When the Great Meltdown hit in 2008, thousands of mortgage brokers left the business, because the alternative and sub-prime products were no more. A second exodus came with the new restrictive consumer protection and documentation regs; for a lot of practitioners, robust regulation simply wasn’t fun. This did, however create a vacuum that was one of those business opportunities that come along every generation or two. Unaccountably, community banks, even those with mortgage departments, failed to take advantage of it. They were probably too mesmerized by watching the train wreck to think.
Those brokers that remain, unfortunately for bankers, are the cream of the crop. They’re competent, professional and ethical. The robust residential loan business being fed to the conduits by mortgage brokers is a major factor in big banking’s return to profitability.
Yet small banks, especially those in smaller communities or market areas, can beat the brokers hands down, if they choose to do so. Because of its market preeminence, a bank can, almost without trying, quickly become a mortgage broker on steroids.

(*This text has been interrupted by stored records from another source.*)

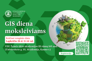 Minint Tarptautinę geografinių informacinių sistemų dieną Vytauto Didžiojo universiteto Žemės ūkio akademija (VDU ŽŪA) kviečia visus šalies 9-12 kl. moksleivius dalyvauti tradiciniame renginyje „GIS diena“, kuris vyks lapkričio 19 d. 11-14 val. VDU Žemės ūkio akademijoje (Akademija, Kauno r.). Reng...
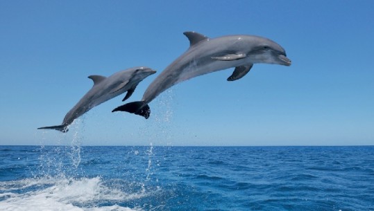 Pushuesit në plazhin e Akërnisë në Vlorë janë mrekulluar nga kjo pamje, por megjithatë nuk kanë lënë pas aspektin human, duke i ndihmuar delfinë të largohen nga cekëtina.
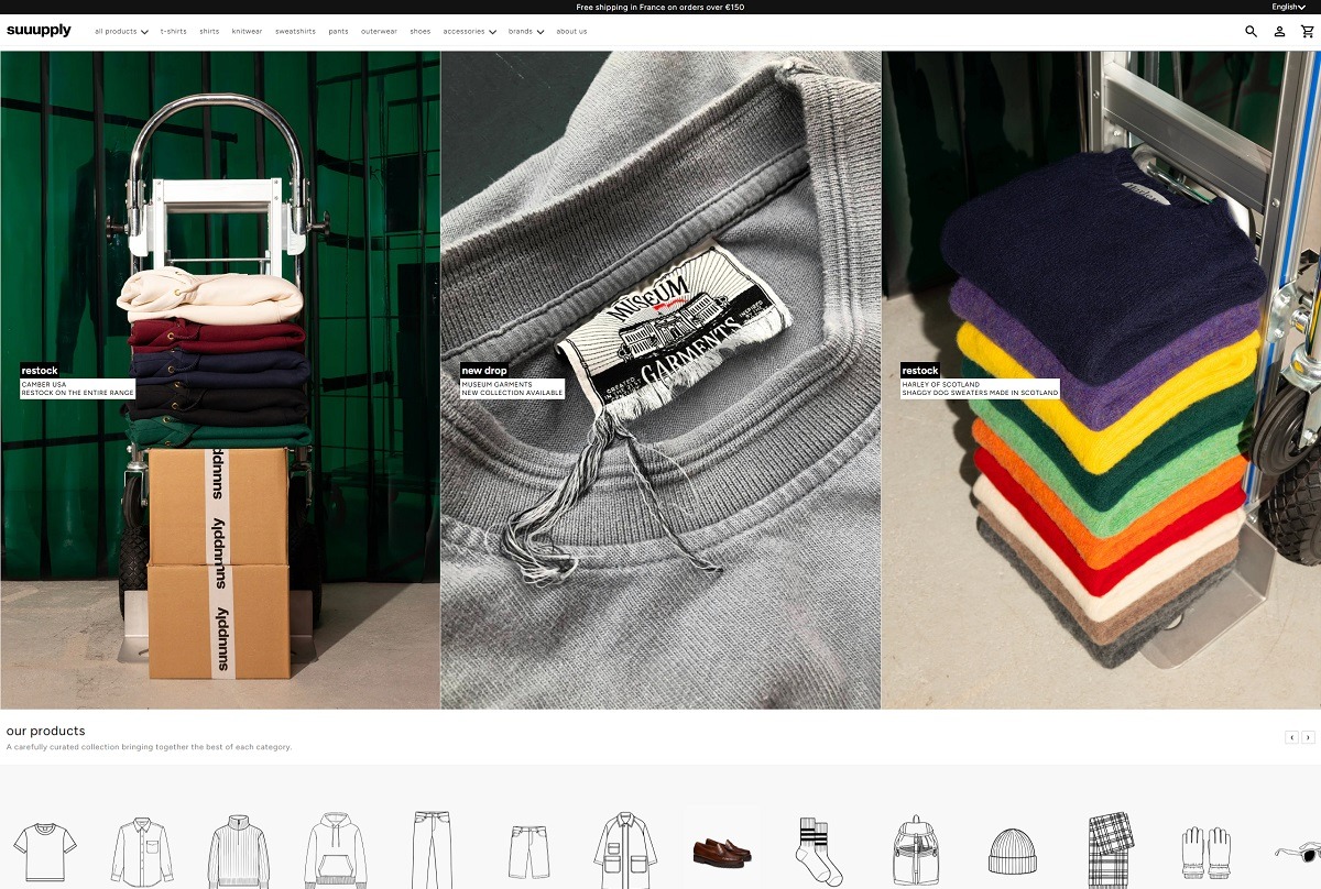 Suuupply’s website is clean, curated, and modern, with a refined aesthetic and intuitive navigation of menswear essentials. They carry a selective range of high-quality clothing and accessories — heavyweight tees, workwear pants, outerwear, and carefully chosen brands — positioning themselves as a destination for “essentials for the quality-obsessed.”

In addition to “Don’t want to”, and “Don’t know how to”, write down “Afraid to”. Compliance regs, as promulgated by the Consumer Financial Protection Bureau are scaring little banks out of their pants. On one hand, a somewhat puzzling reaction, since compliance has become the business of banking. Still, adding any more rules can be daunting. And, if you’re not afraid of the CFPB, you don’t understand the situation.
A good friend is the CEO of a community bank that’s profitable, growing, actively lending and with virtually no problem loans. It also brokers residential mortgages for its bank customers, so I thought it might be a good example of how to do it..
He addresses the compliance issue by not doing most of it. His bank brokers only to wholesalers that do all of the disclosures.
Are his customers nonplussed when their bank passes their mortgage app along to a wholesaler for funding? That question elicited a polite dumb question answer: “Why would they go across the street when they can get their money through their own bank?”
Is it worth the effort to get into the business? Well, there’s a simple way to find out. Just take the last 12 months of mortgage recordings in your market area and see how many loans your customers got from others. The results could be surprising, even shocking. Figure that you should be able to get a fairly high percentage of those deals. Multiply that number by the lender paid compensation offered by the wholesalers, and you know what may have been left on the table over the past year.
Finally, it’s ridiculously easy to crank up the activity. Many, if not most, small banks are under-utilizing staff right now, and the wholesale lenders love banks. They’ll kiss the proverbial ring for the community bank’s business.
Simply stated, banking is the business of making a profit on the movement of money. Why let somebody else make a profit on that movement, off of your customers, at your expense?